Case update (1): Employment status – director an employee?

compensatory award - scales balancing person and moneySummary: Can an unpaid shareholder and director of a Company be an employee?

Yes, says the Court of Appeal in Stack v Ajar-Tec Ltd available here.

Background: In order for an individual to show that they are an employee, they must establish that there is an express or implied contract in place. Basic contract law states that, in order to be a valid contract, there must be consideration between the parties. For employment contracts this means that the employee must provide work and in return the employer pays them or provides some other benefit.

Facts: Ajar-Tec was an audio-visual business. It had three shareholders and directors. Mr Stack was a director and shareholder and the major investor. He also had other substantial business interests. Mr Stack worked for the business from the start but did not receive any pay. Despite various discussions about roles and responsibilities, and draft employment contracts being circulated, Mr Stack did not formalise any employment arrangements. In 2009 relationships deteriorated and Mr Stack’s directorship was terminated.

Mr Stack brought claims for constructive unfair dismissal and unauthorised deduction from wages. In order to pursue his claims, Mr Stack had to first show that he was an employee (see above Background). In this case Mr Stack had not received any payment (consideration) for the services he provided. This means that it was necessary to imply a term that a wage or some remuneration would be provided. The test for implying a term is whether this would spell out in express words what the contract, read against the relevant background, would reasonably be understood to mean.

The Tribunal agreed with Mr Stack that he was an employee of Ajar-Tec Ltd as there had been an express agreement that he would provide work for the company and the Tribunal considered it was common-sense that he would be paid for what he did. As a result a term regarding payment was implied into his contract.

Ajar-Tec Ltd appealed against the Tribunal’s decision. The EAT upheld the appeal.

Mr Stack appealed against the decision to the Court of Appeal. The Court of Appeal agreed with the Tribunal that there was an express agreement under which Mr Stack accepted an obligation to work for the company. The Court of Appeal found it unsurprising that there was no express promise by the company to pay Mr Stack at this stage, as the company did not then exist. The Court of Appeal agreed with the Tribunal that it was possible to imply a term as to remuneration – Mr Stack had undertaken a positive, enforceable obligation to work for the company and it made no sense to regard him as agreeing to be rewarded only by dividend, particularly when one of the other company directors was both being paid and receiving a dividend.
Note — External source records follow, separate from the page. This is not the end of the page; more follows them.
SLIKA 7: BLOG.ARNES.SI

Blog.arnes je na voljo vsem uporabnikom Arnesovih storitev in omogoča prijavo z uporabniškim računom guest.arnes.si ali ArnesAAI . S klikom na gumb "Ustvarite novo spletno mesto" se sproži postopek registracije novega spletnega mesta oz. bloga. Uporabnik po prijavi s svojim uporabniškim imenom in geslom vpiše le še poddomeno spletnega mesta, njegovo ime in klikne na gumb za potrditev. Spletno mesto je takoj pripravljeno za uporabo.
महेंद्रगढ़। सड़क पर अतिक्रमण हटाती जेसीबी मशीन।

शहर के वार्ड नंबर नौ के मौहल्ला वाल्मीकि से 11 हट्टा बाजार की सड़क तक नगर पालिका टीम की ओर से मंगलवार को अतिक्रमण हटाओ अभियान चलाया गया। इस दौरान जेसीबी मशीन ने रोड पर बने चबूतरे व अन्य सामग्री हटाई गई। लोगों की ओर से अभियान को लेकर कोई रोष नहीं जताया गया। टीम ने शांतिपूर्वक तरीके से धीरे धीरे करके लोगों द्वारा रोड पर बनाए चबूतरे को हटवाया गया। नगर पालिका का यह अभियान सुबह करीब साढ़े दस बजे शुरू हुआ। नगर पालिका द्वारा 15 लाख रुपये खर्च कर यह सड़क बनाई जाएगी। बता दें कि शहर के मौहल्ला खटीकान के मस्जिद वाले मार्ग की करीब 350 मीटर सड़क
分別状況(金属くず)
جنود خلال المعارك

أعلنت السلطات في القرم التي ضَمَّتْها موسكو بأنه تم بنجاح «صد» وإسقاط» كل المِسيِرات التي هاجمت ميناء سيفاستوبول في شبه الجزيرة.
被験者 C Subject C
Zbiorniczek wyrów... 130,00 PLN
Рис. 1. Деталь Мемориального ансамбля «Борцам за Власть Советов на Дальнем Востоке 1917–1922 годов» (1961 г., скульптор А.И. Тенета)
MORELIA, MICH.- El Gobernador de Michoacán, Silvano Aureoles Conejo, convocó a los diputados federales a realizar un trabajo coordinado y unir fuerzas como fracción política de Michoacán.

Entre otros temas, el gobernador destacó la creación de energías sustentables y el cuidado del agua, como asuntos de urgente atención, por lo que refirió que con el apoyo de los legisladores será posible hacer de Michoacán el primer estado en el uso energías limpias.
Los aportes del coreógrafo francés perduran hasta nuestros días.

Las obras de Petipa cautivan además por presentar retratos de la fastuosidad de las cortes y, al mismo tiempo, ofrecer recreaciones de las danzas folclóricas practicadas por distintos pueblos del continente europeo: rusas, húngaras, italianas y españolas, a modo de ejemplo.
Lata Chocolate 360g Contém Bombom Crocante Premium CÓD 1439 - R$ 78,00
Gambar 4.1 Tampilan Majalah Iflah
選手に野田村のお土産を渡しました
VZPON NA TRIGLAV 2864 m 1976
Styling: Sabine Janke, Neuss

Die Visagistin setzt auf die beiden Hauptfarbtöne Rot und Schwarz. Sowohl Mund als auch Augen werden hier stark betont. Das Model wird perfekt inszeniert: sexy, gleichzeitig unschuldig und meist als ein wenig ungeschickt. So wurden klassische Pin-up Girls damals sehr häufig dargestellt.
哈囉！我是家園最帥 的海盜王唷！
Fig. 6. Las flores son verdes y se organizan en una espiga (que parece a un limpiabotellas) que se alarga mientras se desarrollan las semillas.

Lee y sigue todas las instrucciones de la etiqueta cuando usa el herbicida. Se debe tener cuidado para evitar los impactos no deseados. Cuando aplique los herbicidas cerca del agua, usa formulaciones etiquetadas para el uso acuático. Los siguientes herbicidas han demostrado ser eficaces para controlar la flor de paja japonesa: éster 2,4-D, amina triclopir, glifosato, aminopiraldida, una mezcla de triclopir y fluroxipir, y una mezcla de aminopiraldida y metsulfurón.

Implications: The facts of this case and that it went all the way to the Court of Appeal, emphasise how difficult (and costly) it can be to establish employment status in the absence of a formal agreement. This stresses the importance of ensuring that relationships between parties are formalised in writing at the outset. Although questions of employment status will always be resolved on the facts of the particular case, this decision and a previous EAT decision, do now suggest that directors or shareholders will not necessarily need to have received pay in order to be employees, provided that there is a legal obligation on the employer to pay them.